In the CityBridge Incubator, we work with solution-designers, individuals, and teams who have a shared focus on designing a more equitable future for DC’s young people. These are leaders who see obstacles and believe that they can be removed or transformed. In our practice, deeply informed by the equityXdesign framework, we teach our designers to slow the pace of solution-building to become more aware of how their identities, experiences, and perspectives shape their interaction with the problem. This deliberate moment is called an equity pause.
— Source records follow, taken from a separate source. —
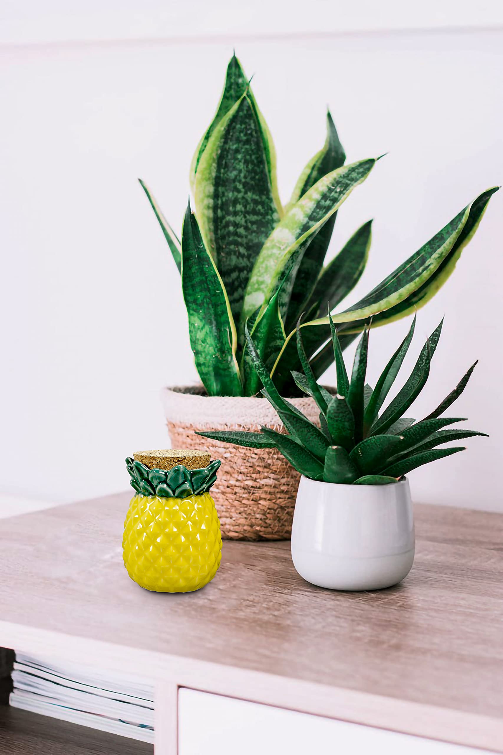 This tropical themed stash jar is made of ceramic in the shape of a pineapple with a green leafy top. The body is yellow with a scalloped shape that gives it a true 3D feel. Use the jar to store teas, coffees, herbs, spices and medical herbs. The tight-seal cork ensures that your herbs are kept fresh for months and that the sensitive material is protected from light. The Pineapple stash jar comes packaged in an acetate box. This product is recommended for adult use only. Pair up with our matching Pineapple Roast & Toast mug and you have the perfect gift for a stoner friend or family member.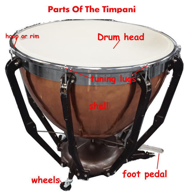 - the wheels-most timpani have 2 or 3 wheels to make rolling them from place to place easier.
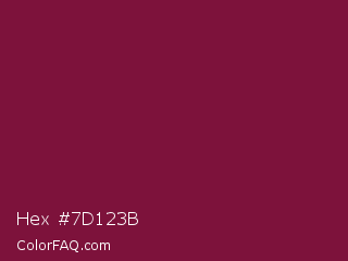 Hex #7d123b Color is a dark rose color and the nearest color is Claret #7f1734. Hex code #7d123b and RGB value is rgb(125,18,59). In RGB color space, this color is composed of 49% red, 7% green, 23% blue, In CMYK color space, this color is composed of 0% cyan, 86% magenta, 53% yellow , 51% black , In HSL color space, this color has a hue angle of 337° , 75% saturation and 28% lightness.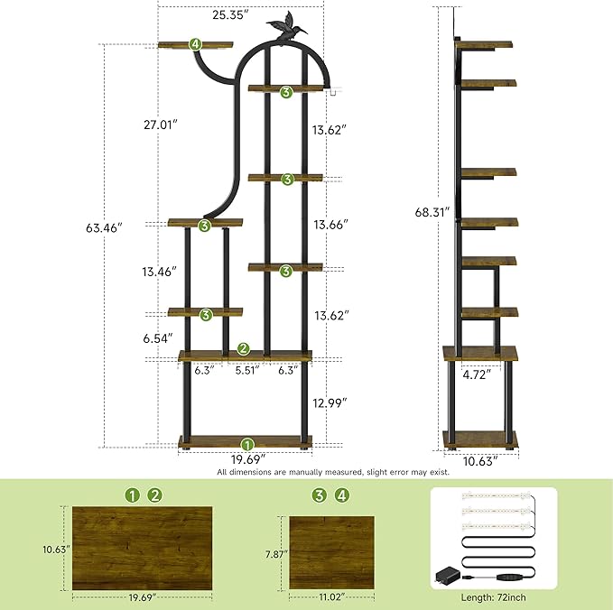 - 【Multiple Uses】This corner plant stand with grow lights is not only a great plant holder that serves as an excellent houseplant organizer and space-saving solution, but it can also function as a display rack. You can place decorative items, photos, and other small items on the top shelf, and store books on the bottom shelf. This tiered plant stand also makes a fantastic home decor piece.

An equity pause is an intentional moment to “stop the clock to reflect on our language, ideas, and hunches in the context of a discourse or transformation.” Take, for example, most people’s response in the early days of the pandemic—many of us went into our toolbox and pulled out the solution that was familiar, and we began to execute. Few of us took the necessary moments to reflect on how our bias or experience created blindspots as we created new interventions. What if we stopped the clock, in the midst of transitioning to fully online instruction and asked ourselves questions like: What value can being home with family offer in the instructional environment? (Instead we opted to find ways for home to mirror school.) Or: Is fluency with technology widely held? (Instead we required our youngest students to negotiate multiple online platforms.) How different would our experiences of instruction during the pandemic have been if we had paused?
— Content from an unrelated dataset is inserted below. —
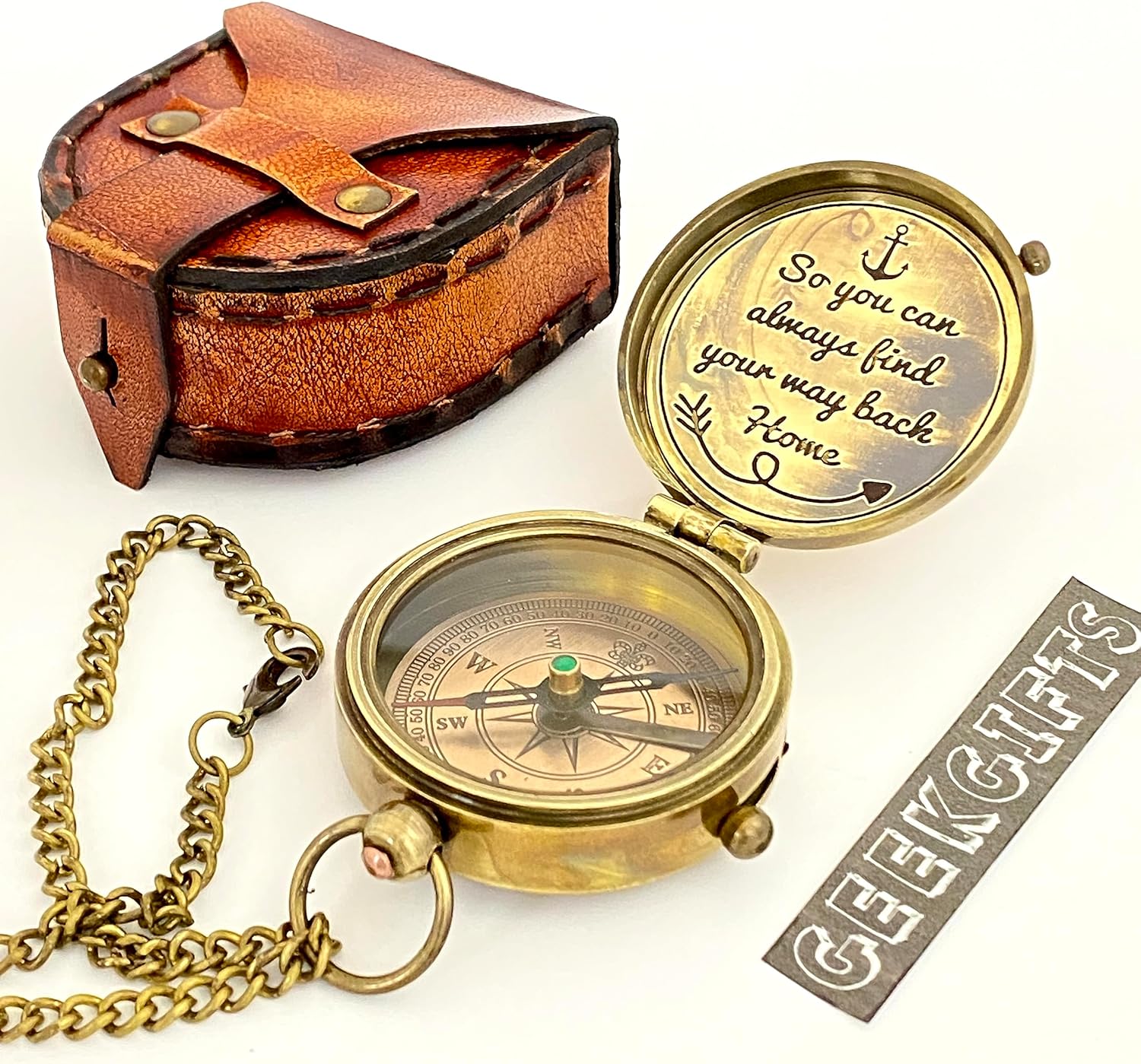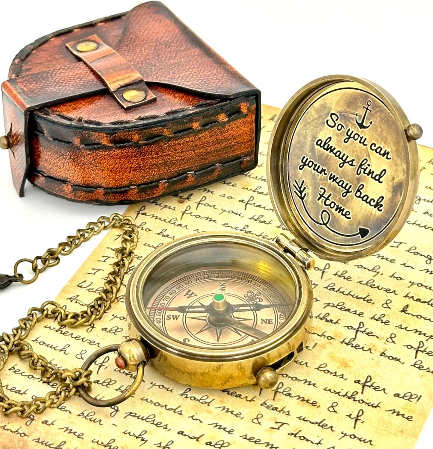 Pocket compass – Brass Compass with Leather Box – Engraved compass – so you can always find your way back home – Steampunk Retro Gift- Nautical compass. . . . . . . The compass is elegantly engraved with the timeless phrase, “So you can always find your way back home,” serving as a constant reminder of the importance of enjoying every step of life’s voyage.. . . . . .

These moments are brief, yet consistently applied across the solution-building journey. They are intended to elevate the designer to a level of consciousness that spurs more equitable practice in pursuit of transformation. These moments are not intended to promote gradualism. To be clear, there are problems that need immediate solutions, but change that transforms the way we engage in the work of educating young people requires a level of intentionality that our industry rarely provides.

In this reality, it is incumbent upon us to slow the pace and create space to engage our identities. Allow me to inspire your next equity pause by offering a few questions that you can ask yourself in the midst of building:

  • How does my identity impact the way I am interacting with this problem?
  • How does my experience impact the way I am thinking about the solution?
  • Why does this problem exist?
  • Am I blaming our most marginalized students or families for this problem?
  • Do I only have traditional forms of data at my disposal?
  • Who have I engaged to help me solve this? Who have I excluded?

Whether the impact of your problem solving will be felt among a few or many, designers of a more equitable future pause in the midst of solution-building to assess the impact of their lens on what they are building. You can begin this promising practice today.